Aim of the exercise: What you give back from the listing below should be an exact copy of the lines from the one with "Our personalized makeup" down to the one with "Funny key chain.", and it should contain no pictures.

[Opening Records for this exercise section]

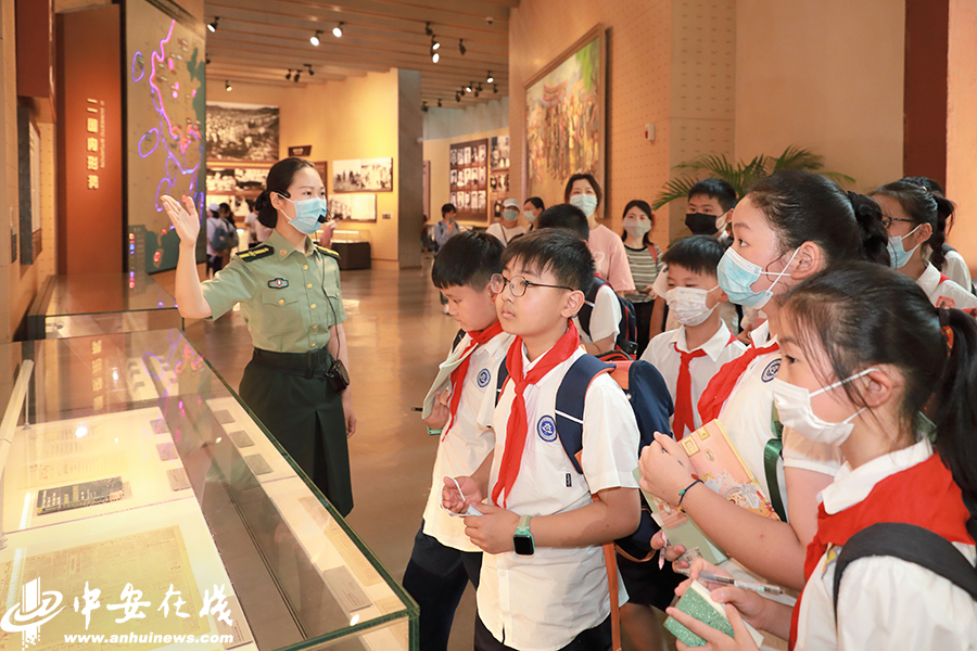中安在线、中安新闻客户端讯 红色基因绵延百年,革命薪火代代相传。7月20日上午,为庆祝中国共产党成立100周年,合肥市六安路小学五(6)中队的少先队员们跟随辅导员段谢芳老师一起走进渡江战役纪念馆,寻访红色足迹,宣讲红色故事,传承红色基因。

[Closing Records for this exercise section]
[Opening Records for this exercise section]

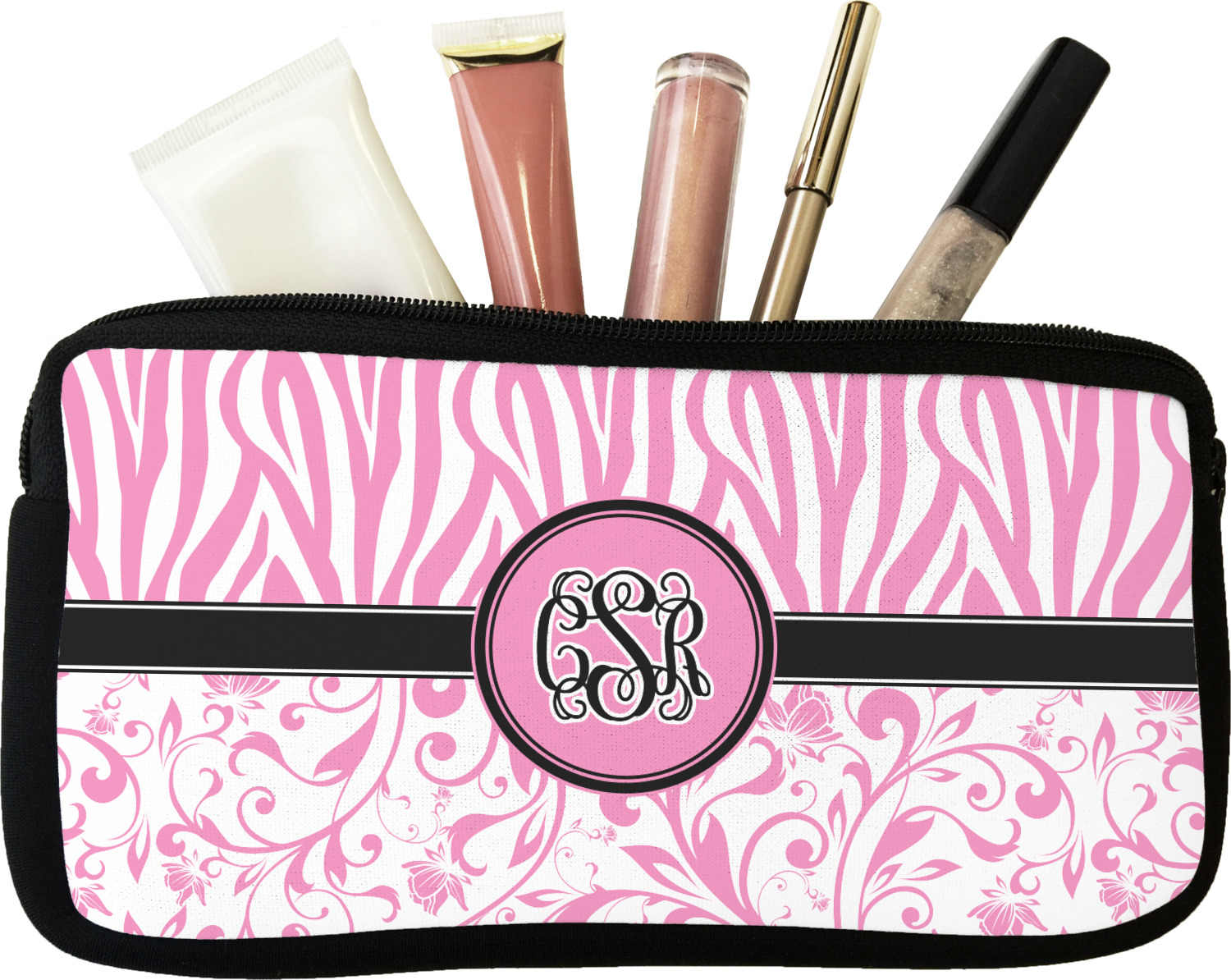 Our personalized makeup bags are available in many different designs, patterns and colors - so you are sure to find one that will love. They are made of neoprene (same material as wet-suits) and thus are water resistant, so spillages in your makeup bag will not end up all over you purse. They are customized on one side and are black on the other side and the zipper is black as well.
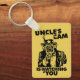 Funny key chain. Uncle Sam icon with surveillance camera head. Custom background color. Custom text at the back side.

[Closing Records for this exercise section]

Solution to the problem:
 Our personalized makeup bags are available in many different designs, patterns and colors - so you are sure to find one that will love. They are made of neoprene (same material as wet-suits) and thus are water resistant, so spillages in your makeup bag will not end up all over you purse. They are customized on one side and are black on the other side and the zipper is black as well.
 Funny key chain. Uncle Sam icon with surveillance camera head. Custom background color. Custom text at the back side.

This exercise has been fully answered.